Column = Question ..... A question the expert system might ask
Row = Conclusion ... A possible conclusion the expert system might reach
Cell = Answer ....... For the question and conclusion, what answer should
the user be expected to give
Actually, in my case, I made the conclusion into another column - similar to a truth table for a logic gate. Row numbers were therefore just row numbers. This allowed me to handle XOR-style problems which can't even be represented if the same conclusion cannot appear on several rows. I'm not sure if this is relevant to you or not. In any case, I'm ignoring this below - it doesn't really make a lot of difference unless until you look at the details of choosing which question to ask next anyway. For data mining, you probably don't have a particular piece of information to treat as the target conclusion anyway - the "conclusion" is just whatever is left when you decide to stop asking questions.
So - for each decision tree node derived so far, you have a set of outstanding questions (columns) and a set of not-yet-eliminated conclusions (rows). That's what I did. The only point worth adding is I used bit-vectors.
IIRC, the C++ std::vector<bool>
and std::array<bool>
may be implemented as bit-vectors, but you're still reliant on the STL algorithms for set operations, which operate one item at a time. I used my own bit-vector class which has been gradually built up over a period of time, and which uses bitwise operators on the underlying std::vector<CHUNK>
(where CHUNK
is an unsigned int type, usually 32 bits wide).

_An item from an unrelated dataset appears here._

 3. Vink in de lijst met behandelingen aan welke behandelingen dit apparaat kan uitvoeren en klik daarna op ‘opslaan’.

There may be a better bit-vector option in C++11 or in Boost, and there must be some good libraries out there some where - there's plenty of kinds of program where you end up working with sets of unsigned integers. I just don't know much about them because I've been too lazy to switch from using my own.
However, bit-vectors are at there best when sets are mostly dense. In this case, the set of rows is the obvious problem. Only the root node of the decision tree will have a perfectly dense row-set. As you get further from the root, the row sets get sparser and sparser, with each question answered resulting in the set of rows been distributed between two or more disjoint next-node row sets.

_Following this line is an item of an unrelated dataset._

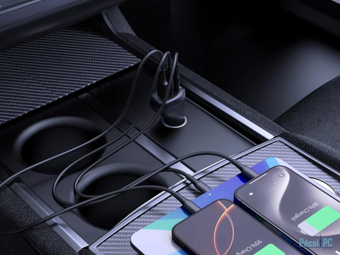 A maximális 100 W teljesítményű, három porttal (2x USB-C PD + USB-A) rendelkező gyors töltő autós töltővel egyszerre töltheti fel laptopját, táblagépét és telefonját – még hosszabb utakon is. A kompakt kialakítás tökéletesen illeszkedik a 12–24 V-os aljzatba.

So a simple sorted-array-of-row-numbers might be the best representation for these sets. However, it's also possible that a "sparse bit-vector" might be worthwhile. One possible implementation is a sorted array of pairs where the first of each pair is the first row-ID of a block and the second is a fixed-size bitvector for that block. For example, the row number 35 might be stored in block 32 (35 & ~(32 - 1)
) in bit position 3 (35 & (32 - 1)
). If you only save the pairs where the bitvector is non-zero, this gives something between a sorted array of IDs and a simple bitvector - it handles sparse arrays reasonably well, especially when IDs tend to cluster closely together in sets.
Also, it may be worthwhile using a class that can switch from a bitvector to a sorted-array representation when the size gets small enough. The extra complication, purely to benefit a few nodes near the root, is probably pointless though.
Anyway, however these sets are represented, as they refer back to a single constant "database", this saves a lot in data-copying and space-waste as the algorithm runs. But it's still worth looking at that "database".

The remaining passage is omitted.